Tickets to I Saw My Neighbor On the Train and I Didn't Even Smile are $50, all preview tickets are $42. To purchase tickets, contact the Colonial Ticket Office at 111 South Street, Pittsfield by calling 413-997-4444, or online at www.berkshiretheatregroup.org. Ticket Offices are open Monday-Friday 10am-5pm, Saturdays 10am-2pm or on any performance day from 10am until curtain.

Artistic Director/CEO Kate Maguire says, "We are teaming up with some of the most exciting voices in American theatre, including playwright Suzanne Heathcote, director Jackson Gay, and BTG artist Keira Naughton, to present the world premiere of I Saw My Neighbor On The Train And I Didn't Even Smile. We are delighted to partner with New Neighborhood on this funny and insightful look at a very contemporary American family."

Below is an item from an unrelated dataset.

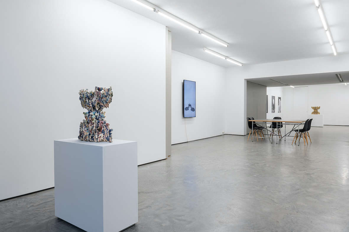 In the work of both Bertrand Cavalier (1989, Tarbes, FR) and Josep Maynou (1980, ES) metamorphosis occurs in the image of the ordinary. Maynou produces work in a range of disciplines that can be defined as a contemporary form of storytelling. His installations are often shown at places outside the usual ‘art context’: television repair shops, private apartments, vacant industrial spaces, laundromats or secondhand shops. Maynou’s stories are like moments lost in translation, chance experiences that can be real or imagined. From his textile works and sculptures to his drawings and videos, each work tells an amusing story about the structure of social exchange. In his video work Untitled, 2017-2019, a familiar moment of boredom is linked with great achievements.
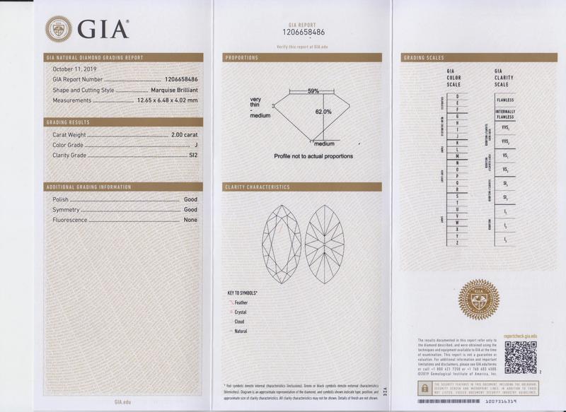 GIA, 2019, Report number 1206658486, 2.00 carats, J color, SI2 clarity, No fluorescence

Heathcote says, "It's a play about the contradictions in people, and how flawed we all are and how shy we all are in our own weird ways."

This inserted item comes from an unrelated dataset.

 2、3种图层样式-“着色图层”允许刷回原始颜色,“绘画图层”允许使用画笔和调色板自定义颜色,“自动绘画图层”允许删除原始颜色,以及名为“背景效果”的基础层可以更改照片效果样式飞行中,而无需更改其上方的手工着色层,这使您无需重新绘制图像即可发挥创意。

The cast of I Saw My Neighbor On the Train and I Didn't Even Smile is Keira Naughton (who most recently directed her father, James Naughton, in the world premiere of Cedars at BTG) Linda Gehringer, Adam Langdon, Adam O'Byrne, Andrew Rothenberg and Ariana Venturi.

I Saw My Neighbor On the Train and I Didn't Even Smile features original music by Ryan Kattner, scenic and lighting design by Paul Whitaker, costumes by Jessica Ford, sound by Broken Chord, projections by Nicholas Hussong, and dramaturgy by Catherine Sheehy.

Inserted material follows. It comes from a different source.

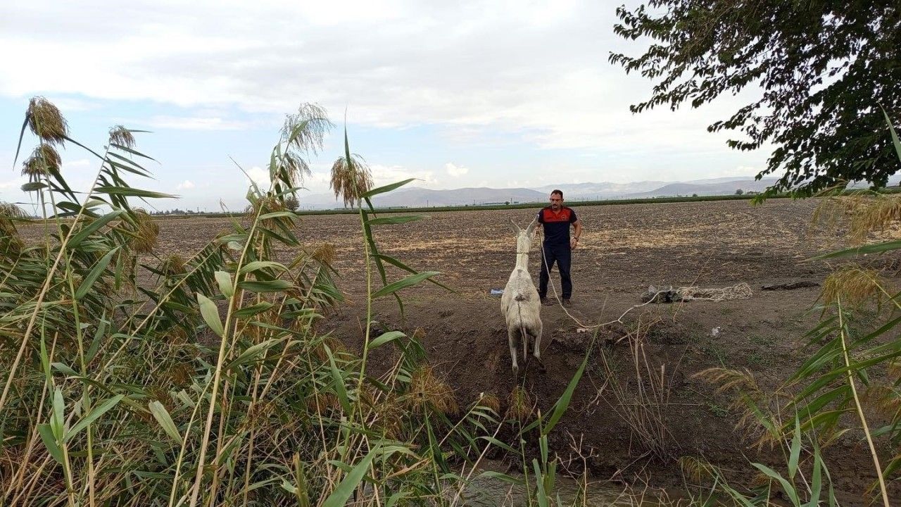 Kırıkhan ilçesi Karadurmuşlu Mahallesi’nde sulama kanalına düşen eşeği fark eden vatandaşlar, hayvanı kendi imkanlarıyla kurtaramayınca durumu itfaiye ekiplerine bildirdi. İhbar üzerine bölgeye gelen Hatay Büyükşehir Belediyesi itfaiye ekipleri, eşeği titiz çalışmayla sağlıklı şekilde kurtardı. Kurtarılan eşek, sahibine teslim edildi.

About the Play: This is Rebecca's life: she wakes up, eats a sensible breakfast, wraps herself in three layers, drives to the train station, commutes to her bookkeeping job in the city, watches the clock, goes home, cooks dinner for her domineering mother, watches TV, and falls asleep grieving for her dead dog. Every day is the same as the next until Rebecca's underachieving brother begs her to take care of her troubled niece-and she does what she always does-she lets it happen. In an unforgivingly bitter month, three generations of women with nothing in common, except a deeply buried ache, try to keep the cold away.

About New Neighborhood: Born out of the Low Brow/Hi Fi 2014 Yale Rep production of These Paper Bullets! and the unintended financial backing of Rupert Murdoch, New Neighborhood is a theater and television company whose sincerity and authenticity are so combustible, it cannot be housed under one roof for too long without doing severe structural damage. With new work, bruised work, all-singing, all-dancing, foul-mouthed musical work, New Neighborhood seeks to harvest the organs of its audience and sell them back to their owners within the time houselights dim and rise, or the DVR records and you delete. Founded in 2015 by a collective of artists scattered across the country, New Neighborhood is a particular ordinance of Actors, Designers, Directors, Dramaturgs (all the hot D's!), Musicians, Graphic Novelists, Producers, Writers, Widows, Widowers (all the lousy W's) and bad, browned-on-both-sides Balladeers. New Neighborhood finds a show, produces the sh*t outta it, and disappears into a cloud of train.